Рюбецаль - Марианна Борисовна Ионова
Новорожденную девочку именно Хубер предложил назвать Антониной. Он завел сберкнижку и положил на нее скопленные деньги, которые предназначались Антонине Игоревне Твороговой по достижении ею совершеннолетия. Поданный им запрос о присвоении советского гражданства рассматривался год. Как только новый паспорт на имя Инго Ивановича (должное памяти Йоханнеса Маделя) Хубера был выдан, они с Наталией подали две заявки подряд: в ЗАГС и об удочерении новорожденной.
В течение следующих трех лет для Хубера изменилось немногое и все. Он жил в общежитии, Наталия с девочкой – у хозяйки, днем по будням охотно качавшей извлеченную из сарая люльку и дававшей ребенку разбавленное молоко от своей козы. Бюджет у них теперь был общим; Хубер оставлял себе только карманные деньги, из которых приплачивал хозяйке за молоко.
Тоня смутно помнила и козу, зимой жившую в доме, и синюю ситцевую хозяйкину юбку, держась за которую ходила по комнате; но также помнила себя и сидящей на коленях у отца, и пытающейся побежать навстречу матери, пока та, войдя из сеней и сбросив платок, ищет ее взглядом.
1983
Фотографий к письму прилагалось три; Антонина держала перед собой веером все одновременно, в одной руке. Первые несколько секунд она радостно удивлялась тому, что видит его молодым, каким никогда не видела.
Фото крайнее слева: папа, в пальто нараспашку и в шляпе – так он носил и при ней, но здесь ему было не больше, чем ей сейчас, – стоял на фоне какой-то невысокой каменной ограды. На ограде сидел малыш лет трех, свесив ноги по сторонам папиного лица, а папа одной рукой придерживал его за ногу, как бы непринужденно, но крепко. Здесь у папы была в точности такая же полуулыбка, как на всех фотографиях с Антониной, а мальчик смотрел испуганно, впрочем, было понятно, что испуг его вызван не высотой посадки, а объективом камеры. Так же, половинчато, улыбался папа и на фото посередине, но это была не его полуулыбка, это была полуулыбка новоиспеченного офицера СС, впервые, вероятно, позирующего в мундире для партикулярного поясного портрета. Если жест на фото слева был непринужденным, то такой же непринужденной была и поза на центральном фото, правда, по-иному – в рамках постановочной непринужденности, с которой резонировало довольство модели, желание отвечать заданному образу, при этом облагораживая его собой. Антонина в который раз перевела взгляд с центрального снимка на снимок слева, на папины пальцы, обхватившие ножку мальчика. Равномерные промежутки между ними придавали положению руки некое почти классическое, как у античной статуи, изящество, которое казалось одновременно и личным, и опять-таки словно предписанным.
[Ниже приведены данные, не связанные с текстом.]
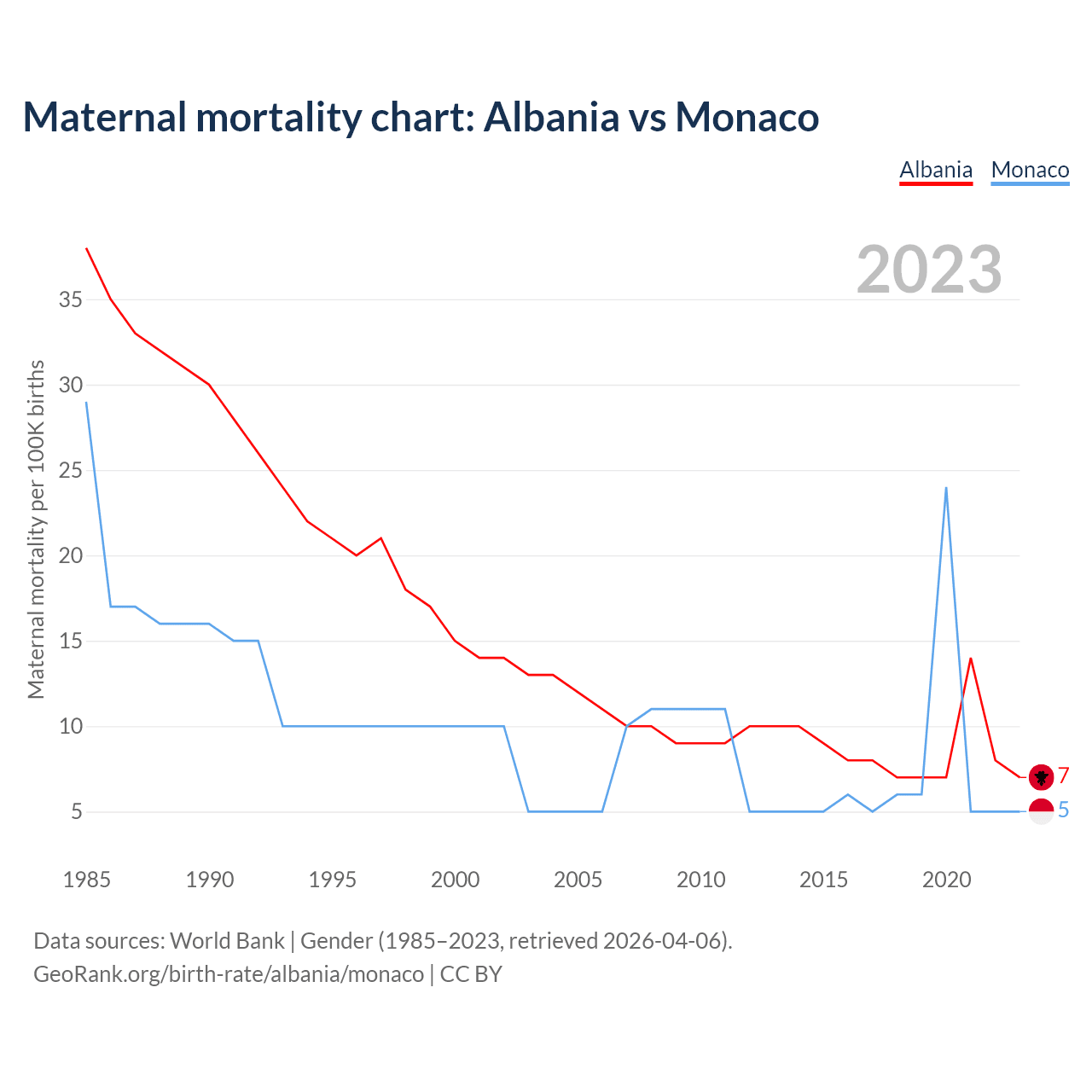 The maternal mortality rate, which is the probability of dying during childbirth or within 42 days of pregnancy termination, is 7 deaths per 100,000 live births in Albania, compared to 5 deaths in Monaco.
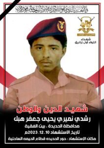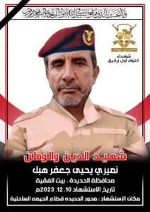 نعت قيادة اللواء الأول زرانيق في القوات المشتركة, ممثلة بالعميد/ سليمان يحيى منصر عضو القيادة العامة للقوات المشتركة ، اليوم، استشهاد إثنين من منتسبيها الابطال / ” نميري يحيى جعفر هبل، وولده البطل/ رشدي نميري يحيى جعفر هبل، والذي ارتقوا شهدا، مقبلا غير مدبر ، يوم الأحد 10 /12/ 2023م اثر إصابتهم في متارس الشرف بجبهة الساحل الغربي قطاع الحيمه وهم يؤدون واجبهم الديني والوطني في ميدان العزة والكرامة
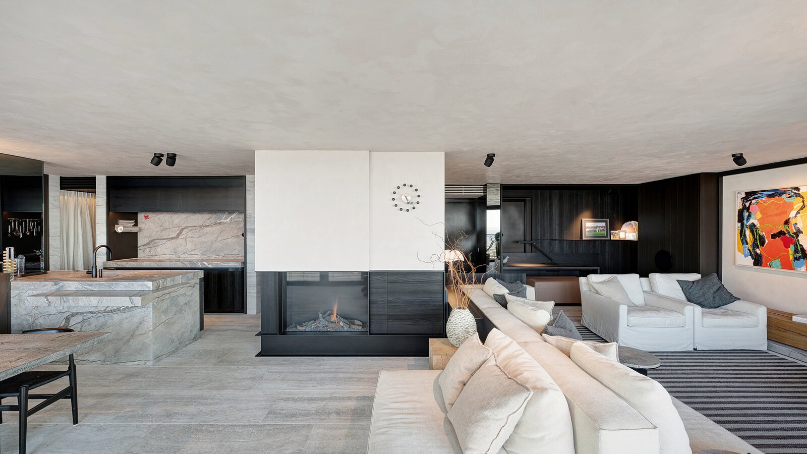 The spacious entrance hall with cloakroom and guest toilet leads to the bright living room with lounge, office corner, and cozy gas fireplace. Large windows open onto the front terrace (13 m²) and offer a beautiful panoramic view of the sea. The open kitchen is equipped with Miele appliances and is complemented by a practical storage room, utility room, and separate laundry room.
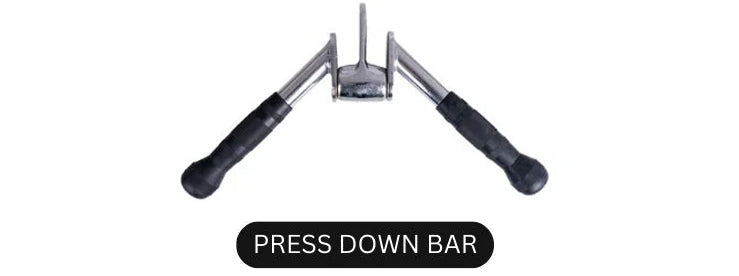 Solid steel press-down bar with angled, non-slip grips for smooth, controlled triceps pushdowns.
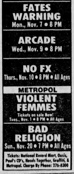 - 20/11/1994; Concert at Metropol, Pittsburgh, PA, USA. with Supersuckers & Samiam.
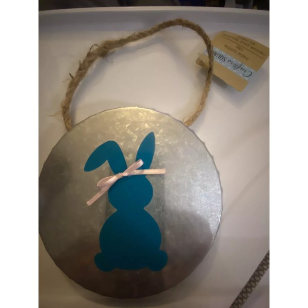 Crafter's Square Crafters Square Galvanized Easter Vinyl Bunny 6” Metal Sign W Hanging Rope
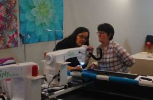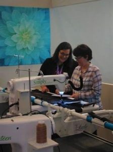 2018 étant l’année de tous les changements, j’ose enfin me lancer dans le quilting sur longarm. Afin de tester la méthode, je m’inscris à 2 cours au salon de l’aiguille en fête. Ils sont donnés par Gina Siembieda, professeur chez Handi Quilter depuis de très longues années.
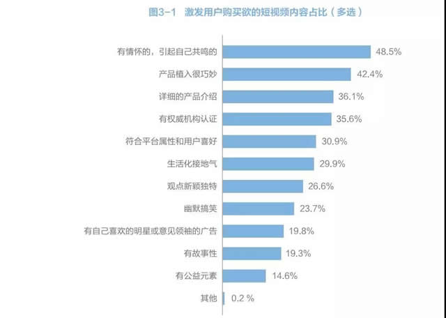 根据《2019年短视频营销白皮书》的用户调查显示,有近六成的用户因为观看短视频内容而产生过消费的行为,这也预示了好的短视频内容是能够带来一定用户消费行为的趋势。 其中一些主打情怀主题的短视频内容,产品植入角度非常巧妙,再通过详细独到的简介,往往能够非常有效地激发出用户的购买欲望。
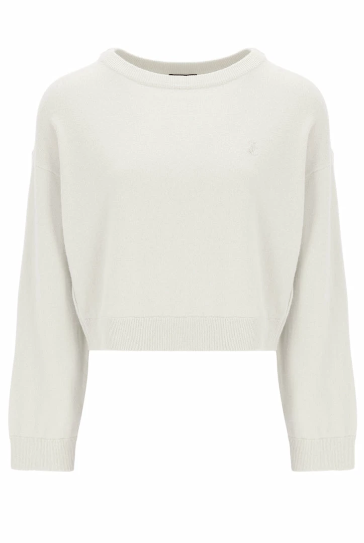 Knitted crew neck in cream cashmere blend. Boxy fit, this premium jumper is branded with a tonal embroidered JC logo at the chest
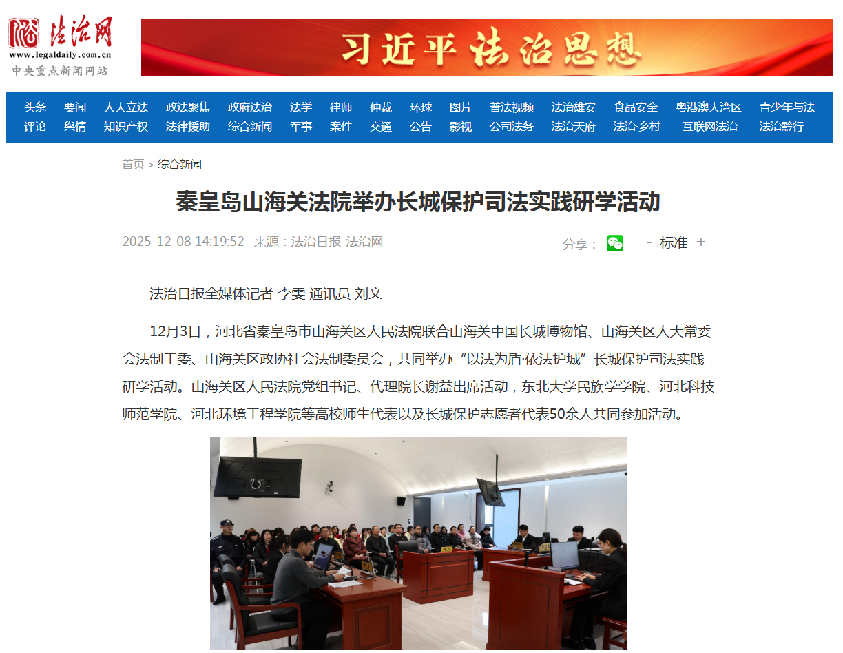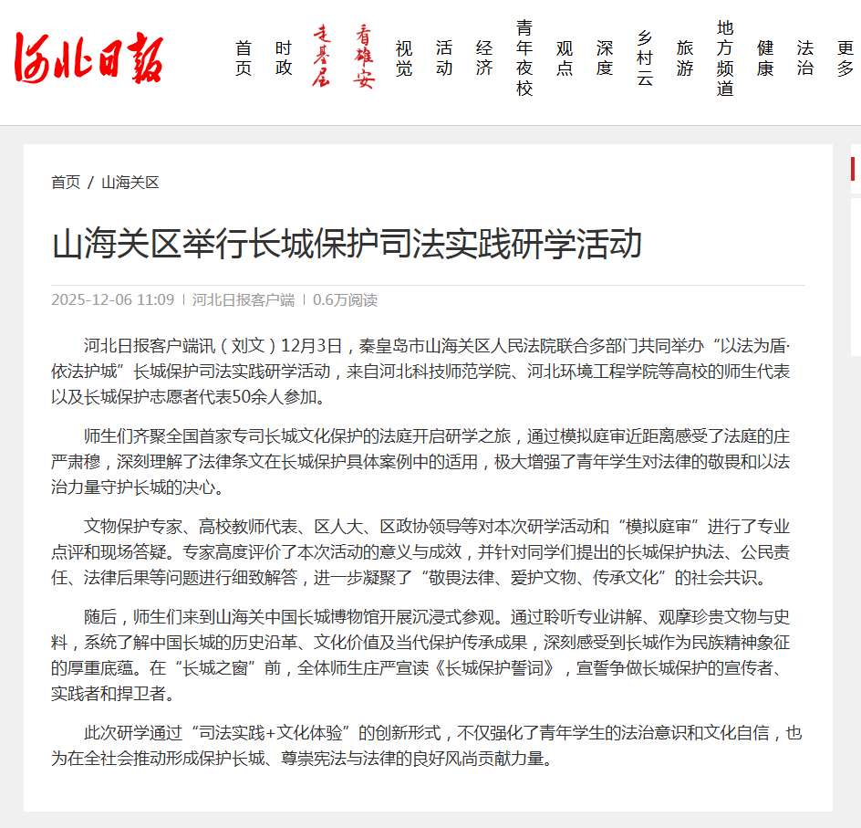 2025年12月3日,在第十二个“国家宪法日”到来之际,为深入贯彻习近平法治思想,推动宪法精神深入人心,山海关区人民法院联合山海关中国长城博物馆、山海关区人大常委会法制工委、山海关区政协社会法制委员会,共同举办“以法为盾·依法护城”长城保护司法实践研学活动。山海关区人民法院党组书记、代理院长谢益出席活动,东北大学民族学学院、河北科技师范学院、河北环境工程学院等高校师生代表以及长城保护志愿者代表50余人共同参加活动。法制网、河北日报客户端等媒体对活动进行了广泛宣传报道。

Крайнее справа фото предъявляло нечто, Антонине, напротив, хорошее знакомое, и было переснятым акварельным рисунком.
– За неделю до смерти он рассказал мне, – произнесла мама, – тогда же, когда сказал, что хочет креститься в православие. Он умолял, чтобы только ты не знала как можно дольше.
– Господи, он что, мог подумать, будто я от него отрекусь?!
– Он боялся…
Антонина впервые пыталась представить себе папин страх. Страх расстрела. Страх разоблачения. Страх собственного страха посмертного воздаяния. Внезапно осенила догадка, зачем папа перешел в православие. Раньше она считала, что ради мамы, но скорее тут был страх своего, лютеранского пастора, который, возможно, пожелает принять исповедь на немецком, и тогда пришлось бы исповедоваться в такой близости со смыслом выговариваемого, какую не замутит автоперевод. Этот страх ей было представить труднее всего, насколько она знала папу, впрочем, «насколько» теперь не утверждало, а спрашивало, и ее колола навязчивая мысль о том, что все звучащие внутри слова, включая «папа», стали неузнаваемы. Ей казалось, что она висит в пустоте; где-то рядом торчали уступы сильных чувств и эмоций, где-то вокруг вилась боль, Антонина ощущала их досягаемость, но что-то мешало потянуться и схватиться, например за обиду или безадресный гнев – безадресные обиду и гнев. А возможно, обиду и гнев на папу; это было бы что-то новое и потому более надежное.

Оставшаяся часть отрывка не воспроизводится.